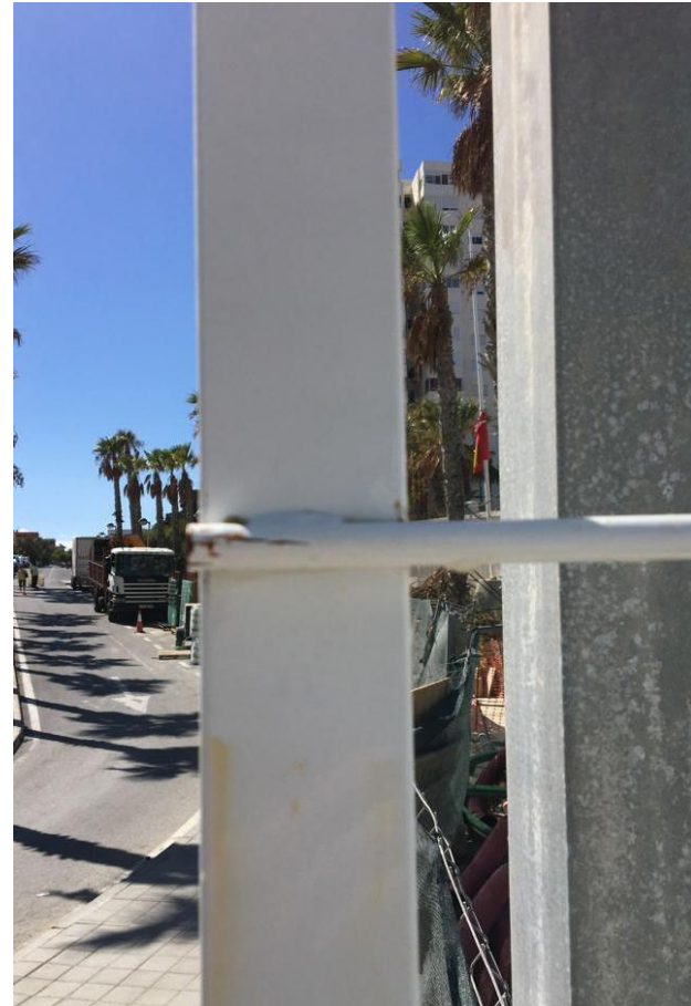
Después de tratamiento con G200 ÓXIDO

---

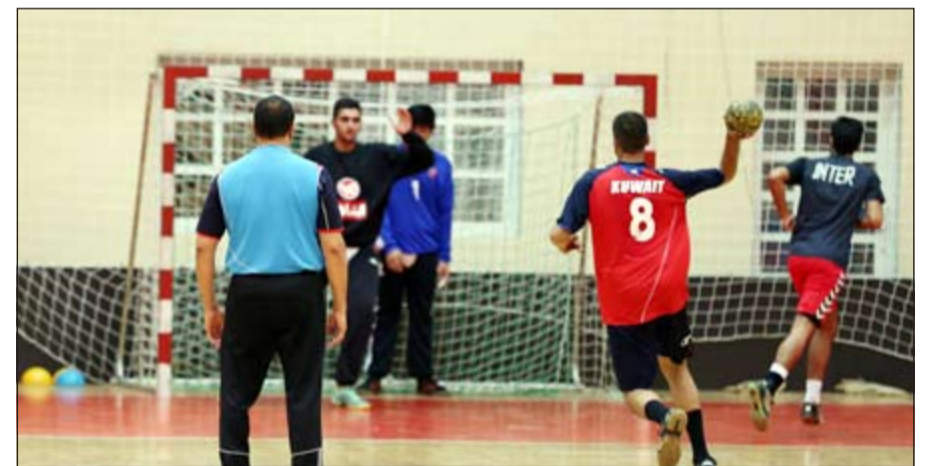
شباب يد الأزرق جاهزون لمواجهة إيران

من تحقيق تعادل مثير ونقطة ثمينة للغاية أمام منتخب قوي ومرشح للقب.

> **AIM OF THE EXERCISE**:
Repeat, exactly as they stand above, the lines from the line with "شباب يد الأزرق جاهزون لمواجهة إيران" to the line with "من تحقيق تعادل", both lines included.

> **RESPONSE TO THIS EXERCISE**:
شباب يد الأزرق جاهزون لمواجهة إيران

من تحقيق تعادل مثير ونقطة ثمينة للغاية أمام منتخب قوي ومرشح للقب.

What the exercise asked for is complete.